There are pictures in the records below; leave them out and set down exactly the lines from the one holding "Like the Renogy" through the one holding "照明スイッチは従来よりも操作".

• EXCERPTED DATA
┌────────

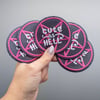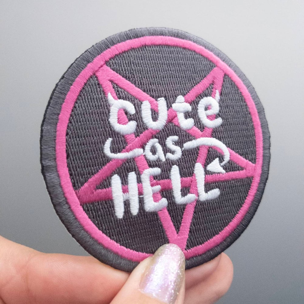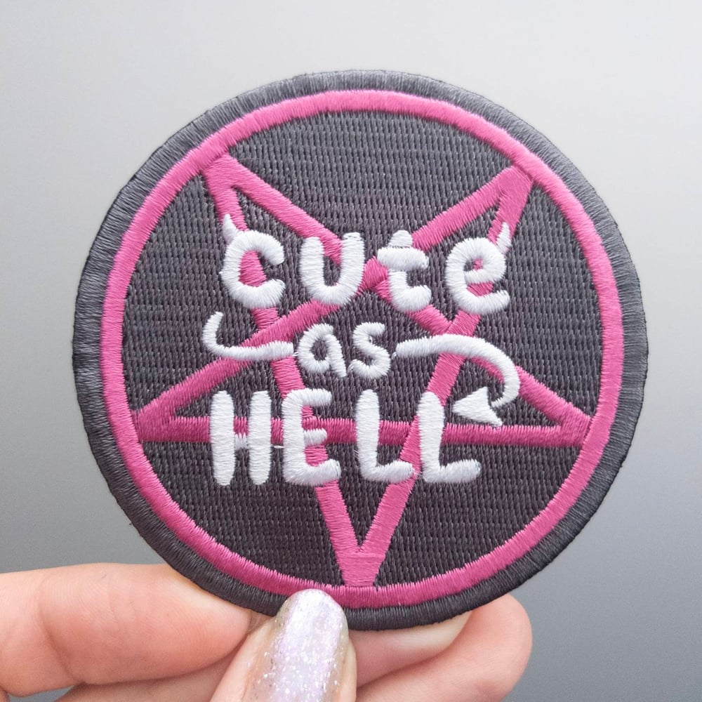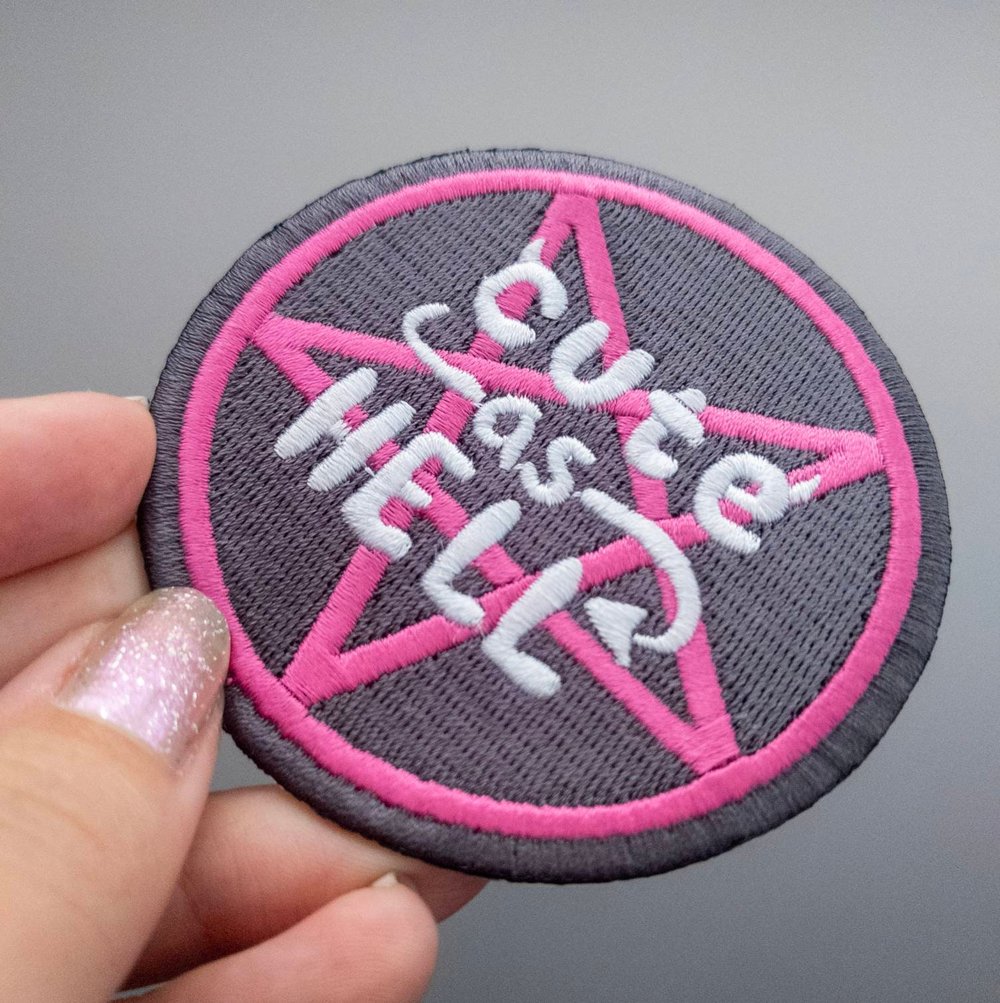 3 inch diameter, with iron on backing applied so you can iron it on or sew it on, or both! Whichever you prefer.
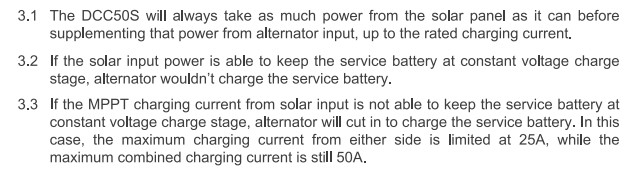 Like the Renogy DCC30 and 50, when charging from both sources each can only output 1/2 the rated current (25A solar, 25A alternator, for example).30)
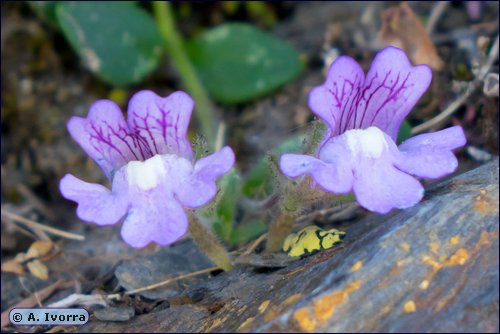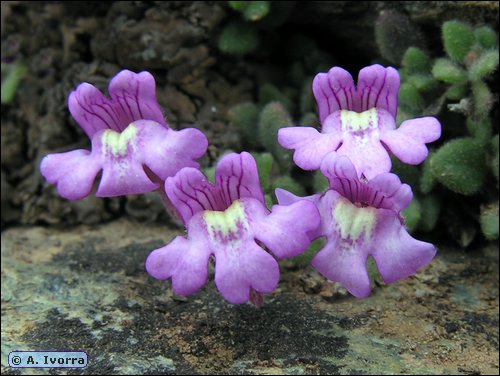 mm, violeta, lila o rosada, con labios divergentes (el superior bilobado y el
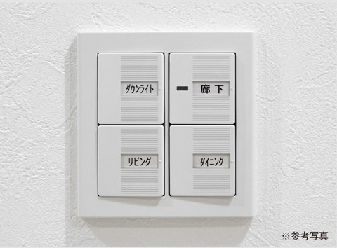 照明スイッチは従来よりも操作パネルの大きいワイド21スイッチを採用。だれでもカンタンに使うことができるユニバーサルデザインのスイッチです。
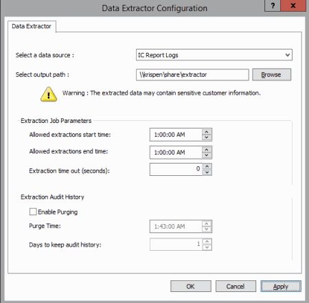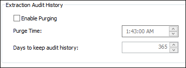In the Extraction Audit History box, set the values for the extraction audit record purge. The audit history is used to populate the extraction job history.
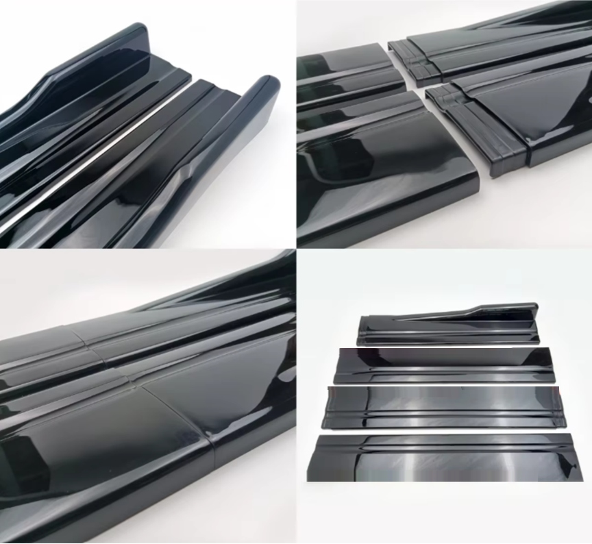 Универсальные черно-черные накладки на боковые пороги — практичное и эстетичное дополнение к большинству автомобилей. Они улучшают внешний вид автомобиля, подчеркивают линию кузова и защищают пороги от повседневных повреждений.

└────────
┌────────

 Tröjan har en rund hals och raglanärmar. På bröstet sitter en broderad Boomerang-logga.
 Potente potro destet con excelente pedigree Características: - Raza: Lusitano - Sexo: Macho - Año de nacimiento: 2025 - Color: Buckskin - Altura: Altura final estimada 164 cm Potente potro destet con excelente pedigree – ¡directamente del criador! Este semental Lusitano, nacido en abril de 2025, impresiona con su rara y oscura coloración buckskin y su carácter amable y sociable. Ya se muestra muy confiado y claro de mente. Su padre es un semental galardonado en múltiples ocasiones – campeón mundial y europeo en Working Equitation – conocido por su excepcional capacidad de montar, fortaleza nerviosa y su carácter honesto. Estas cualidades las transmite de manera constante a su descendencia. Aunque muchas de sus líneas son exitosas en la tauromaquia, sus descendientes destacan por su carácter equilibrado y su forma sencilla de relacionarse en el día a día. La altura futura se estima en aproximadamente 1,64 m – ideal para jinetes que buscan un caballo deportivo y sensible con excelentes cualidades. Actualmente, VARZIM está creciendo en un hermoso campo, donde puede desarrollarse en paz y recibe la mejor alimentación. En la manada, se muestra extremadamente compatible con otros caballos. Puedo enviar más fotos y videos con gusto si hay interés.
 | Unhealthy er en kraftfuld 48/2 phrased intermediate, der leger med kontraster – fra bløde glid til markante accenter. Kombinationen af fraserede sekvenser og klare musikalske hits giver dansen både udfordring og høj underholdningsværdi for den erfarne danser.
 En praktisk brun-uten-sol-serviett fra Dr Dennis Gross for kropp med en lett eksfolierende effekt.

└────────

• TASK RESPONSE
 Like the Renogy DCC30 and 50, when charging from both sources each can only output 1/2 the rated current (25A solar, 25A alternator, for example).30)
 mm, violeta, lila o rosada, con labios divergentes (el superior bilobado y el
 照明スイッチは従来よりも操作パネルの大きいワイド21スイッチを採用。だれでもカンタンに使うことができるユニバーサルデザインのスイッチです。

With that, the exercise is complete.